### DATA BLOCK
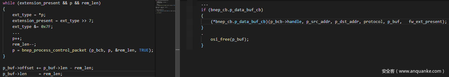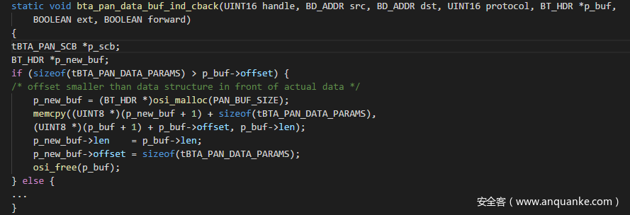 上面的代码中,bnep_process_control_packet()处将发生整数下溢出,使得rem_len成为一个很大的值(比如0xfffd),p_buf->len=rem_len处会将这个值赋值给p_buf->len。If()中,是回调函数处理这个p_buf,在BlueDroid中这个函数是pan_data_buf_ind_cb,这个函数会有一条路径调到bta_pan_data_buf_ind_cback,而在这个函数中:
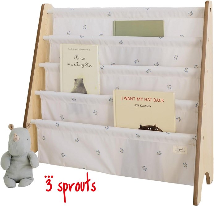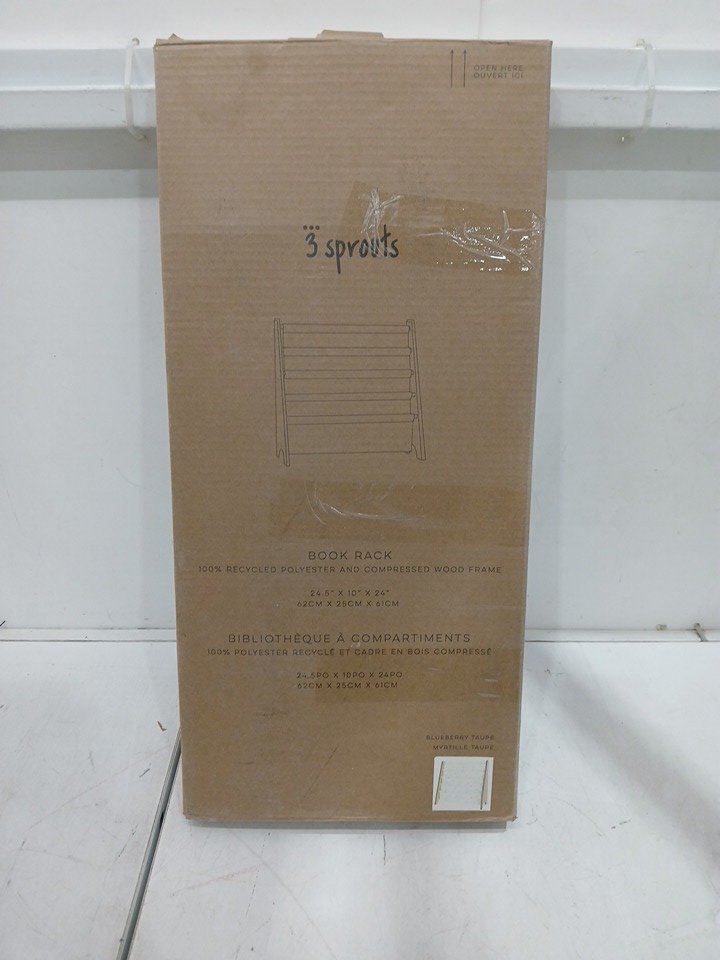 3 sprouts 4-tier recycled fabric book rack - 24.5" x 24" x 10"- wooden/blueberry Taupe
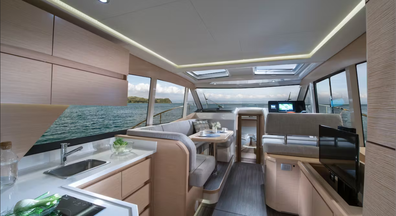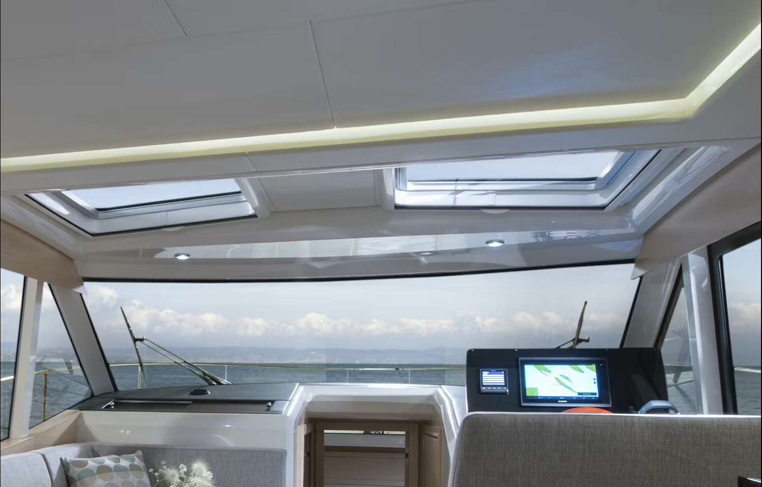 | Inside | Elektroherd, Fäkalientank, FUSION Sound System, Geschirrspüler, Heizung, Inverter 12V/220V, Klimaanlage (Landstrom), Kühlschrank mit Gefrierfach, Mikrowelle, Radio mit USB und Bluetooth, Warmwasser, WC (elektr.) |

### EXERCISE GOAL
Take the line containing "3 sprouts 4-tier" and every line after it through the end of the data, and write them out exactly, with no pictures.

### RESULT FOR THIS TASK
 3 sprouts 4-tier recycled fabric book rack - 24.5" x 24" x 10"- wooden/blueberry Taupe
 | Inside | Elektroherd, Fäkalientank, FUSION Sound System, Geschirrspüler, Heizung, Inverter 12V/220V, Klimaanlage (Landstrom), Kühlschrank mit Gefrierfach, Mikrowelle, Radio mit USB und Bluetooth, Warmwasser, WC (elektr.) |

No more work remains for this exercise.